Work instructions ▸ Set down, unchanged, the line holding "Materijal 60% pamuk" and all lines that follow it to the end of the material, leaving pictures out.

Information supplied ▸
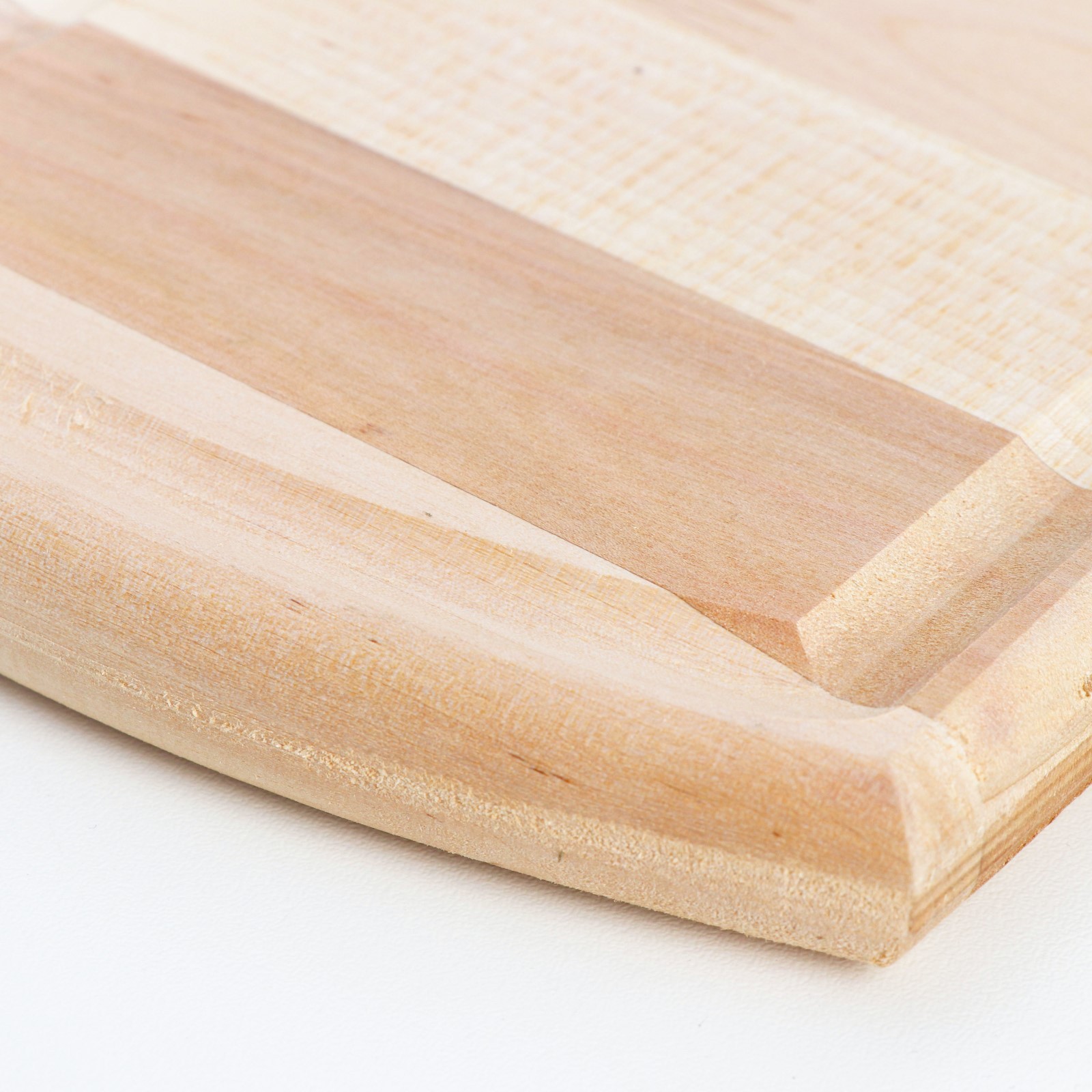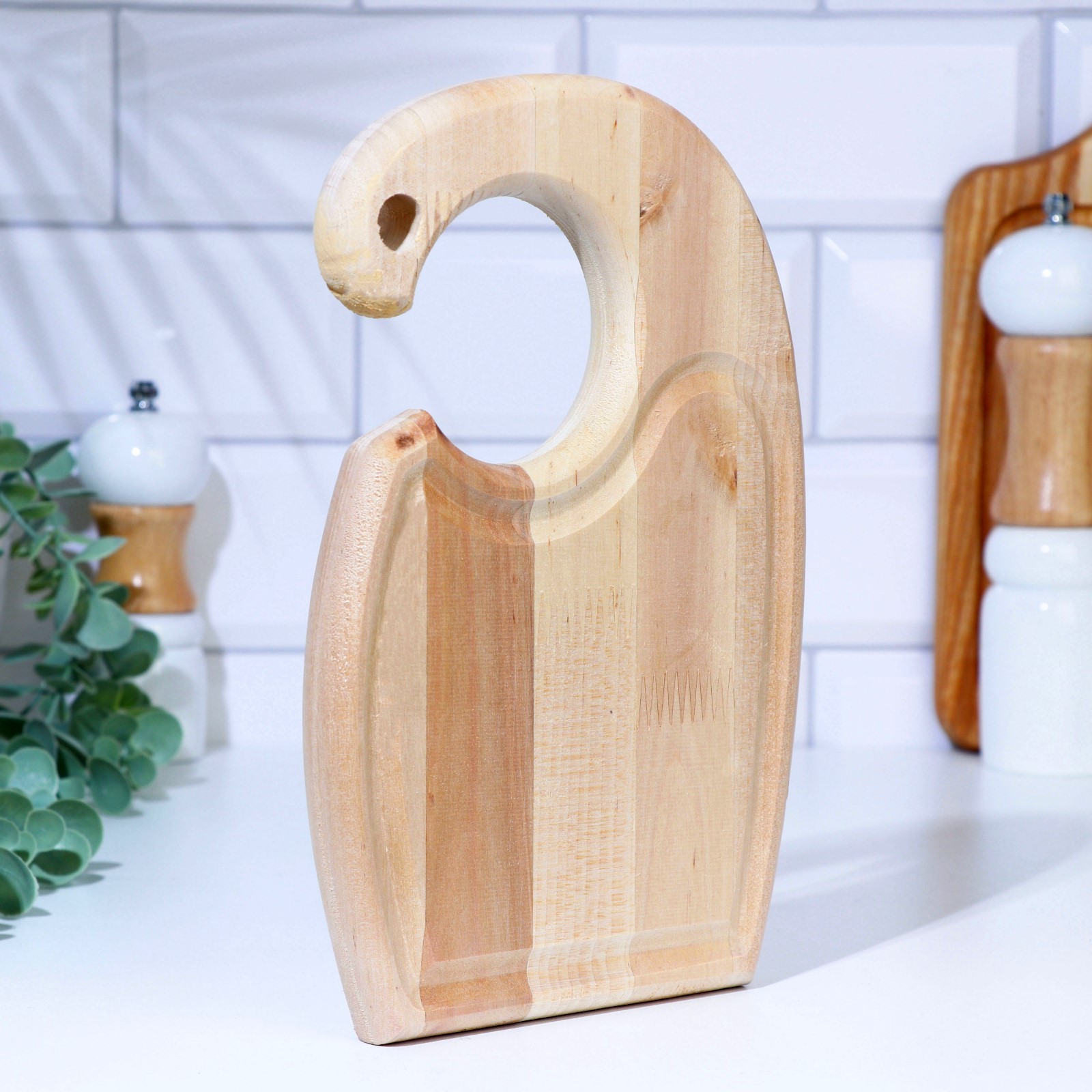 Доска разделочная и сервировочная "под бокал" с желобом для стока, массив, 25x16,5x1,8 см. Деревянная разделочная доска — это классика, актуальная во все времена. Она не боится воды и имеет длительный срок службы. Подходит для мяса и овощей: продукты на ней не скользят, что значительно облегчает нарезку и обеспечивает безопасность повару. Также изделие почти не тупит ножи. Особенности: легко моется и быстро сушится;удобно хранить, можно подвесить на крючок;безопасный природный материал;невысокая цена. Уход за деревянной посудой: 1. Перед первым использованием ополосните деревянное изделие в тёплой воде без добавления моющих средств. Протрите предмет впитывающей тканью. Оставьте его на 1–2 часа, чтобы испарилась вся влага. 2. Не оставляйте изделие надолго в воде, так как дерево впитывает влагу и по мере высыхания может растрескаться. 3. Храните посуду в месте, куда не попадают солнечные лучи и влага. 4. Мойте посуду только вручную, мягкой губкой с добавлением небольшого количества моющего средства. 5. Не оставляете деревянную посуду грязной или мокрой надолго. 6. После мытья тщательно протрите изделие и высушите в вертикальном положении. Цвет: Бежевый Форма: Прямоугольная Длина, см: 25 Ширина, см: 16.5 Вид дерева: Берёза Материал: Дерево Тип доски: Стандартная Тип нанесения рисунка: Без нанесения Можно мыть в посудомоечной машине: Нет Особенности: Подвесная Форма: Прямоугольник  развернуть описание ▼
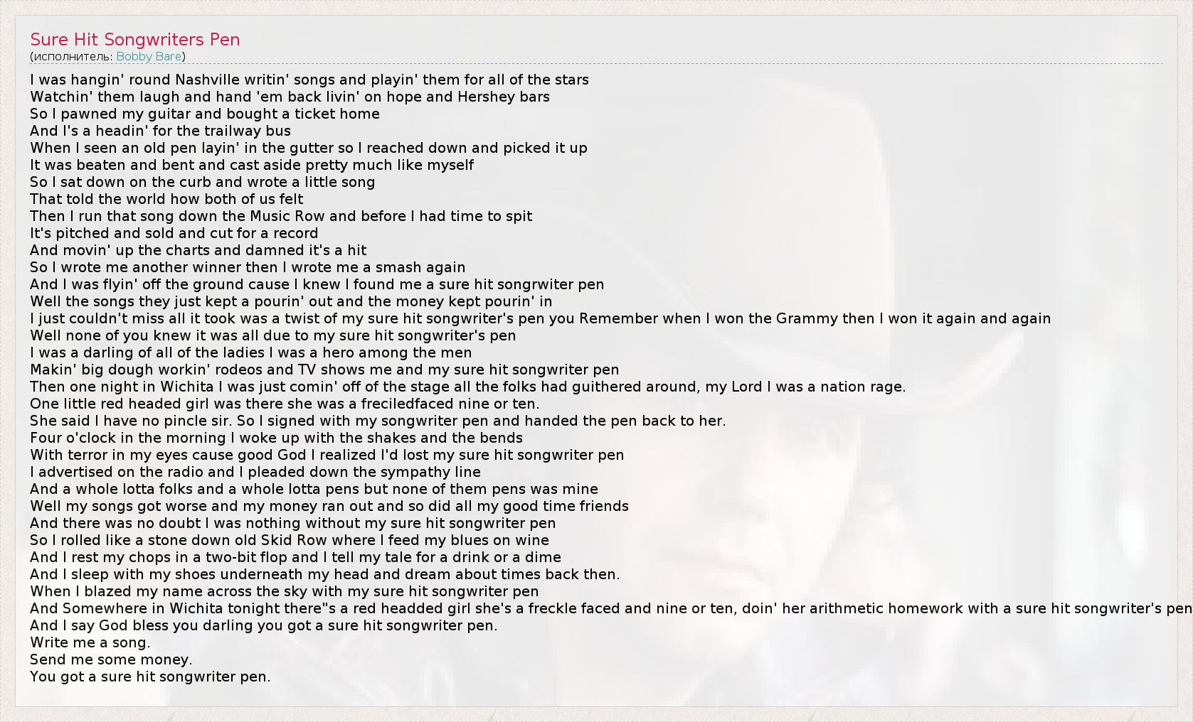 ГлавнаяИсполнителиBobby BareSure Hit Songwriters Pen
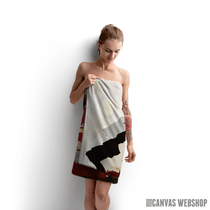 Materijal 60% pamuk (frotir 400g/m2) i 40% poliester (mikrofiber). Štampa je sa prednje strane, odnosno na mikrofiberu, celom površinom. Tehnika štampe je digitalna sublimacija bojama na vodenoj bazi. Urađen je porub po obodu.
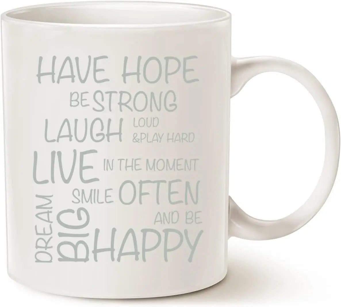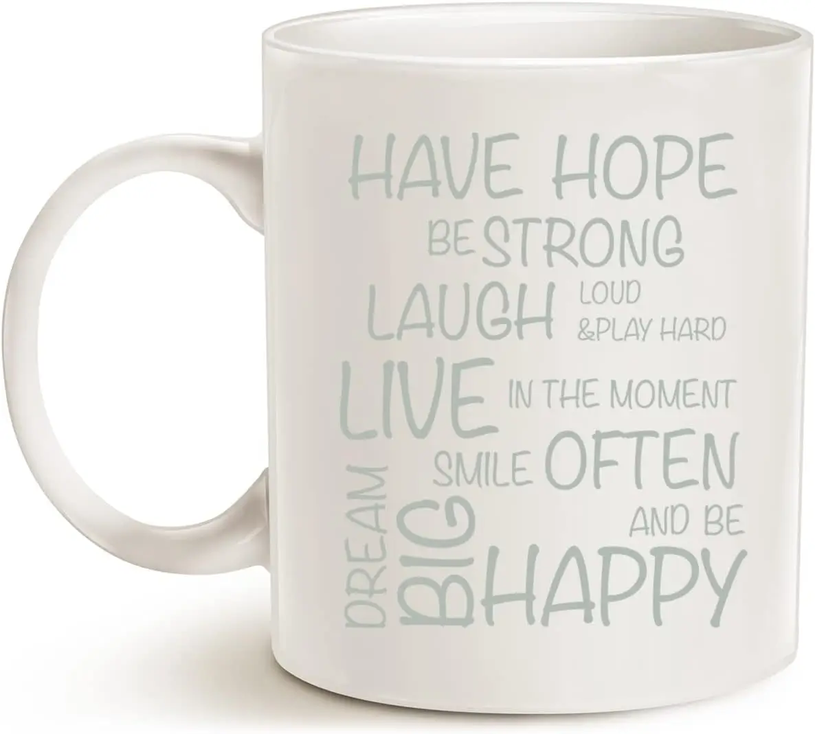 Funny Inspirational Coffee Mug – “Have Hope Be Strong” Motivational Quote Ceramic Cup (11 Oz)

Output for this exercise ▸
 Materijal 60% pamuk (frotir 400g/m2) i 40% poliester (mikrofiber). Štampa je sa prednje strane, odnosno na mikrofiberu, celom površinom. Tehnika štampe je digitalna sublimacija bojama na vodenoj bazi. Urađen je porub po obodu.
 Funny Inspirational Coffee Mug – “Have Hope Be Strong” Motivational Quote Ceramic Cup (11 Oz)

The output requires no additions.